VerBINdung- vom Ich zum WIR
Heute ist das SchöpfungsTOR- ein Bündnis- zwischen den drei Zeitlinien.....
Die Luft ist klar, als ich den abgelegenen Ort erreiche. Ein Platz, den nicht viele kennen, verborgen abseits der Straßen, eingebettet in ein stilles Tal. Alles wirkt verwunschen und zugleich kraftvoll, wie ein Punkt, an dem sich die Welten berühren. Der Ort strahlt eine seltsame Ruhe aus – eine Ruhe, die fast unirdisch wirkt und mich sofort umhüllt.
Es ist keine Kapelle, kein Ort des Offensichtlichen. Aber dort steht sie: eine schlichte Frauenfigur, die Hände ausgebreitet, als wolle sie all den Schmerz und das Leid der Welt umarmen und heilen. Später erfahre ich, dass sie die Heilige Sara genannt wird. Eine Beschützerin der Heimatlosen, eine Begleiterin durch dunkle Nächte der Seele.
Und dann höre ich es: leise, wie ein Windhauch, schwebt ein Gesang durch die Luft. Ich folge dem Klang, bis ich sie sehe – eine Frau, gebeugt und doch aufrecht, klein und schmal. Ihr Alter lässt sich schwer schätzen. Um die sechzig vielleicht, doch ihr Blick – ihre Augen leuchten mit einer seltsamen Jugend, einer Lebendigkeit, die in ihrer ganzen Gestalt vibriert.
Sie steht vor der Figur, die Hände erhoben, und singt. Spanisch? Katalanisch? Ich weiß es nicht. Die Worte sind mir fremd, sie verschmelzen zu einem Strom, der an mir vorbeizufließen scheint. Doch irgendwie spüre ich die Bedeutung – sie spricht von Schmerz, von Verlust und von der tiefen Sehnsucht nach Heilung. Ihr Gesang geht unter die Haut, zieht an meinem Innersten, an einem Punkt tief in mir, den ich lange vergessen habe.

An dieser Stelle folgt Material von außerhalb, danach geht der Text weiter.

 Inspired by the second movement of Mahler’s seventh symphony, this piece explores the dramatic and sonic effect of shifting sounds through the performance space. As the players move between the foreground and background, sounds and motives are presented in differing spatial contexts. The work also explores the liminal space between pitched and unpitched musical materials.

Als sie mich bemerkt, hält sie inne. Ihre Augen, so dunkel und tief wie ein stiller See, ruhen auf mir. Einen Moment lang blicke ich zurück, unfähig, den Blick abzuwenden. Und dann – sie lächelt. Ein zartes, fast schüchternes Lächeln, das dennoch so viel Kraft hat. Ich spüre, wie etwas in mir aufbricht, als hätte sie mit diesem Lächeln etwas Dunkles und Schweres in mir berührt.
Ohne zu wissen, warum, lächle ich zurück. Ganz sanft, fast zaghaft. Etwas Unaussprechliches geschieht. Eine Welle von Wärme fließt zwischen uns. Wir sprechen nicht, doch in diesem Moment verstehen wir uns tiefer als Worte es je könnten. Ihre Augen erzählen Geschichten von Leid, aber auch von einer tiefen, stillen Hoffnung. Sie erzählen von Heilung, die nicht durch Vergessen kommt, sondern durch das Annehmen dessen, was war.

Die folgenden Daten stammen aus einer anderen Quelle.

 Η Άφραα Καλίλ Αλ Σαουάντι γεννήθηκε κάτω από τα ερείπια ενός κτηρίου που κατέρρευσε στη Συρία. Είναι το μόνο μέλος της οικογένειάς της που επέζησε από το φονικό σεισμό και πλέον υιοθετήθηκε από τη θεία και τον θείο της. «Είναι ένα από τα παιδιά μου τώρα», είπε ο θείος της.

Und plötzlich wird mir klar: Was immer sie singt, was immer sie betet – es ist auch mein Gebet. Es ist der Ausdruck all der stummen Schreie in mir, der Trauer, die keine Worte findet, und des Wunsches nach Versöhnung. Es ist, als hätte sie eine uralte Melodie berührt, die in uns beiden lebt. Wir verstehen uns nicht durch Worte. Es ist ein Verstehen von Seele zu Seele.

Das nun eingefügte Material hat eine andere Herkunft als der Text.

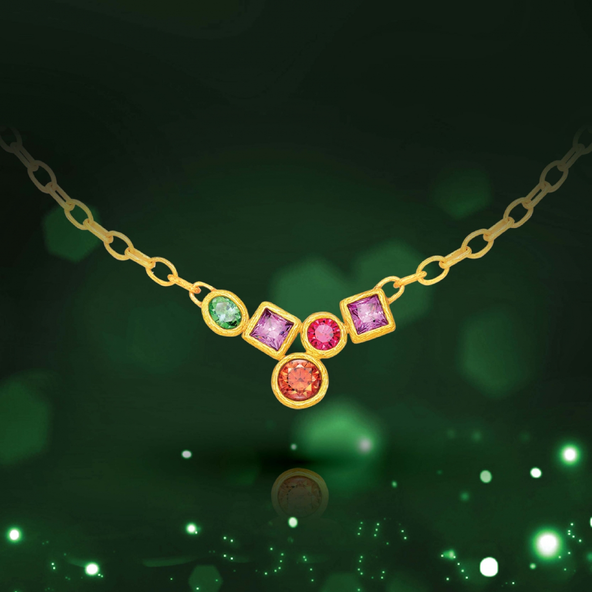 Firefly Collection分別以純金鑲嵌翠綠橢圓形、紫色正方形、艷紅及咖啡色圓形鋯石,恍如螢火蟲發放的點點光火,柔和卻懾人。系列備有項鏈、手繩、戒指、吊墜、單邊耳釘和單邊耳環,配以大自然為主題的純金樹木紋理,更添質感。
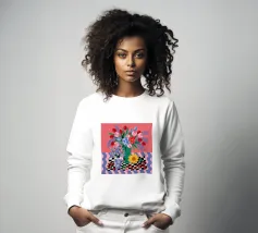 Un vivace bouquet di fiori multicolori si adagia elegantemente in un vaso blu sopra una tovaglia a scacchi. Il mix di tonalità rosa e viola dello sfondo esalta la ricca composizione cromatica.

Ich möchte ihr etwas sagen, irgendein Wort, das ausdrückt, was ich fühle. Doch ich spüre, dass es nicht nötig ist. Stattdessen senke ich den Blick auf die Heilige Sara, auf die ausgebreiteten Hände der Statue, und eine seltsame Stille legt sich über mich. Es ist, als ob sie – diese alte, jugendliche Frau – ein Echo meiner selbst wäre. All die Verluste, all der Schmerz, den ich jemals gefühlt habe – er ist in ihr und in mir. Und in diesem Moment sind wir eins, zwei Menschen, zwei Seelen, die sich ohne Worte erkennen.
„Te veo“, flüstert sie schließlich. Ich sehe dich. Ich nicke langsam und antworte leise: „Ich sehe dich auch.“
Das ist es, denke ich. Genau das. Jenseits von Sprache und Herkunft, jenseits aller Unterschiede. Ein Sehen, das bis in den Kern des Seins reicht, bis dorthin, wo wir alle gleich sind. Ein Sehen, das sagt: Ich kenne deinen Schmerz. Und ich weiß, dass du ihn überleben wirst.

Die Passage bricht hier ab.